• **WORK TO COMPLETE**:
Nothing except the pictures should be left out when you reproduce the listing exactly.

• **GIVEN DATA**:

####################

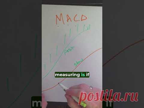 Человек рисует на листе бумаги график, помеченный как MACD. Видны красная и зелёная линии, а также надписи "fast" и "slow". На изображении есть текст "measuring is if".
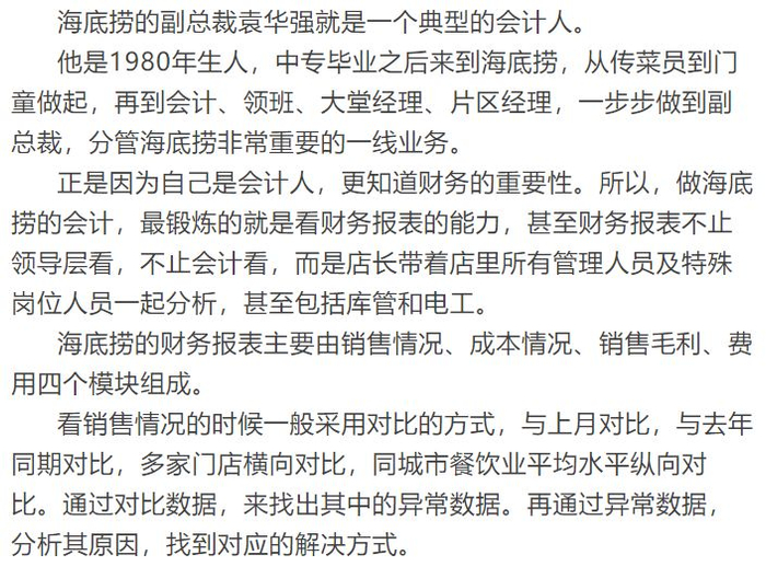 海底捞的财务体系
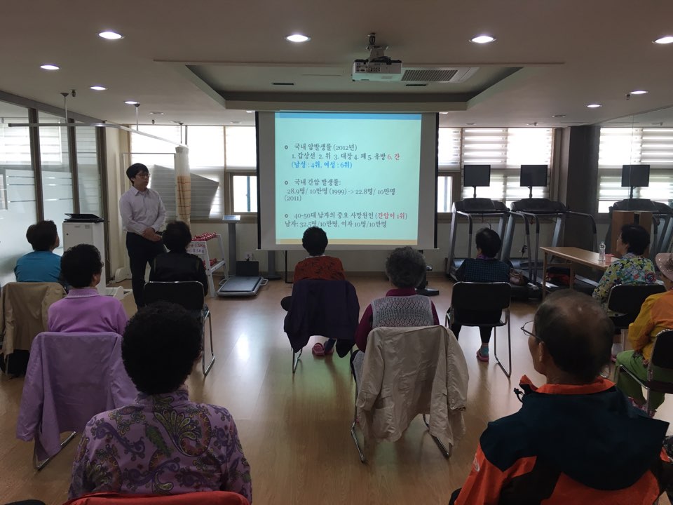 2017년 4월 25일(화) 계양구에 위치한 효성건강생활지원센터에서 주민 20여명을 대상으로 소화기내과 김수영 교수는 간암 치료 및 예방관리에 대한 교육을 하였습니다.

####################

• **EXERCISE RESULT**:
 Человек рисует на листе бумаги график, помеченный как MACD. Видны красная и зелёная линии, а также надписи "fast" и "slow". На изображении есть текст "measuring is if".
 海底捞的财务体系
 2017년 4월 25일(화) 계양구에 위치한 효성건강생활지원센터에서 주민 20여명을 대상으로 소화기내과 김수영 교수는 간암 치료 및 예방관리에 대한 교육을 하였습니다.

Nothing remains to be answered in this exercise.